- Climate discourse has become increasingly personal, focusing on the responsibilities of the individual and not the collective responsibility of governments and corporates.
- We expect this attitude to shift, and utilise survey data to show that to the global populace, climate change remains a key issue despite the shifting political narrative.
- We invest across climate themes amongst others, including solar power production and clean water. As the debate shifts towards collective responsibility, we would expect investment from governments and corporates in these themes to increase further.
Environmental Investing: Understanding public opinion and implications for investing
There are few topics in investment that illicit more emotive responses amongst investors than environmental investing. Debate with someone about factor investment styles, valuation metrics or the path of the US Rates curve and the debate that follows will likely be polite and objective (or some may well glaze over). Start a debate about climate change in finance – or really in any walk of life, and often the responses are impassioned. Arguments are full of ad-hominems, individual examples and ‘gotcha’ moments. Complex debates about carbon output, grid technology and intermittency are reduced to discussions about the merits or demerits of avocados on the environment. This comes from both sides of the aisle, and over the course of 2022 we would argue has gotten worse – the ongoing politicisation of climate issues only serves to further divide and worsen discussion.
The cause of this, to a degree is the focus on individualism when it comes to thinking about carbon emissions and climate change, which has been a masterstroke of big industry lobbying, and a true blessing to polluting heavy industry. In the 1970s for example, facing pressure from politicians to ban or tax plastics, a lobbying effort deflected, instead suggesting plastics should and could be recycled. The reality was far from the truth, at the time no technology existed to recycle plastics, and even today only 9% of plastic is recycled.
Fast forward to the climate crisis, and in 1992 BP coined the term carbon footprint (borrowing from earlier work on the ecological footprint). The footprint, implying that it is up to the individual to determine whether they lead a ‘good’ or ‘bad’ carbon life. It doesn’t matter then, that the biggest carbon choices they can make (how their electricity is produced, how the goods and food they purchase is produced, how far from work they can afford to live) is out of their hands. The concept of the carbon footprint further misses network effects (ie when we do something our friends or colleagues may do it). We think however what is interesting, in this increasingly fraught debate, is to assess not what the headlines are saying, and rather understand a bit more about the general populations viewpoint when it comes to the issue of climate change.

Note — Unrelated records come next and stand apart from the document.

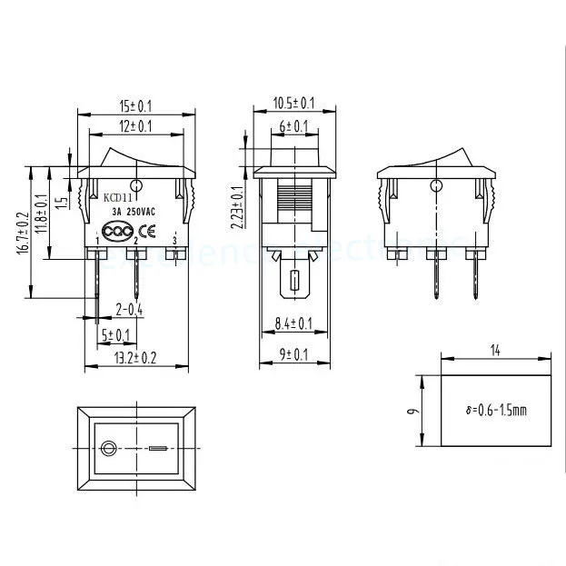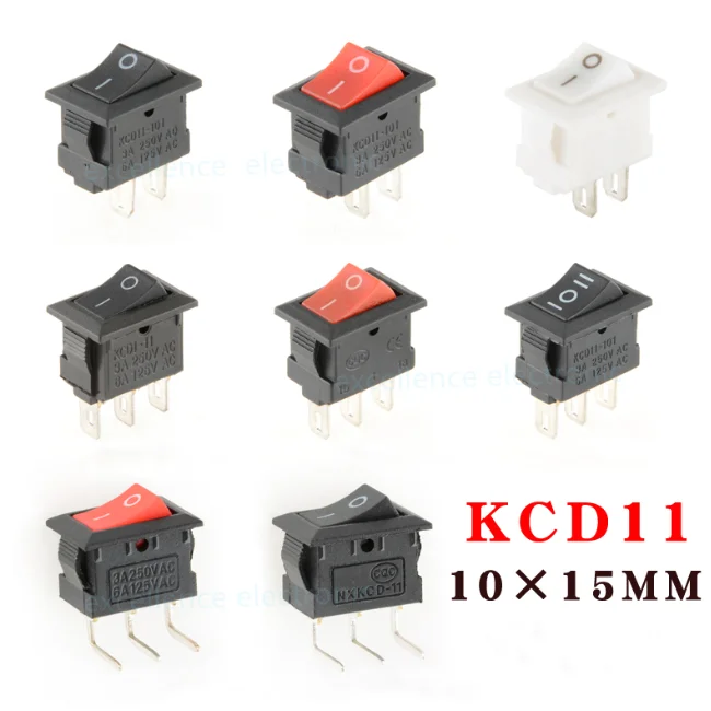 Custom KCD11 2Pin/3Pin 10x15mm Mini Rocker Switch SPST 3A 250V AC Snap-in On/Off Boat Push Button Switch Black Red White Manufacturer
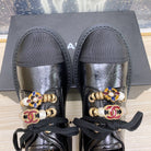 CC COMBAT OXFORD SHOES IN BLACK WRINKLED CALFSKIN AND GROSGRAIN WITH FAUX PEARL
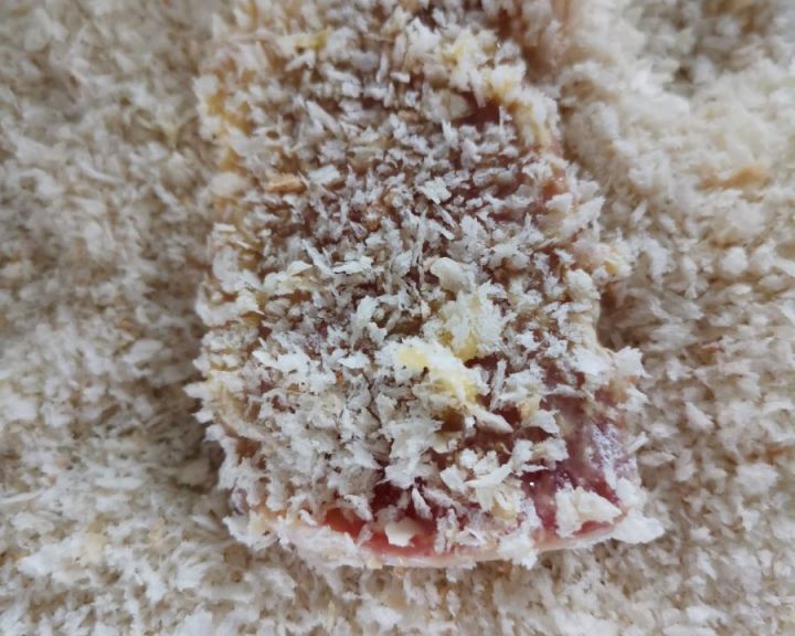 - Anschließend das Fleisch zuerst in Mehl (wir nehmen Tempuramehl) dann im Ei eintauchen und zuletzt in Panko wälzen und dabei Panade leicht andrücken
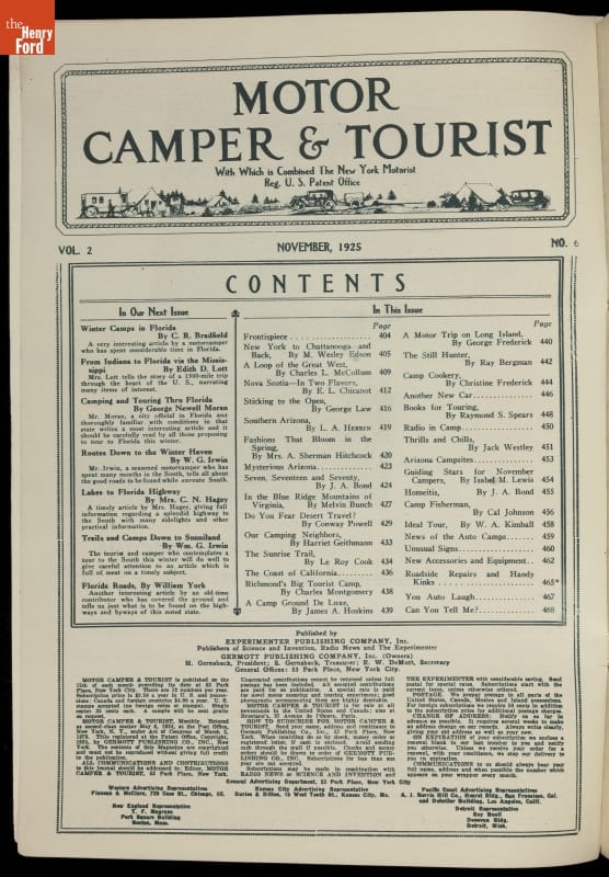 The growth of automobile ownership and development of good roads drove more Americans to explore the country in the 1920s. Motor Camper and Tourist offered advice on how and where to go. This November 1925 issue, with its idyllic view of camping on the cover, offered a number of articles, advice, and product advertisements on motor camping.

And for many, across the world, climate change causes them a significant degree of worry. What is interesting is that in both cases, geographically the split is not what you might expect. South America, for example, has consistently a belief and worry about climate change. Indeed India, which is a heavy utiliser of coal within its energy mix, has a population that where the vast majority are concerned about climate change. This again shows the disparity between individual views and the actions of corporations and governments. What matters most for carbon emissions now is energy policy, regulation, and government action – populations across the world are bought in.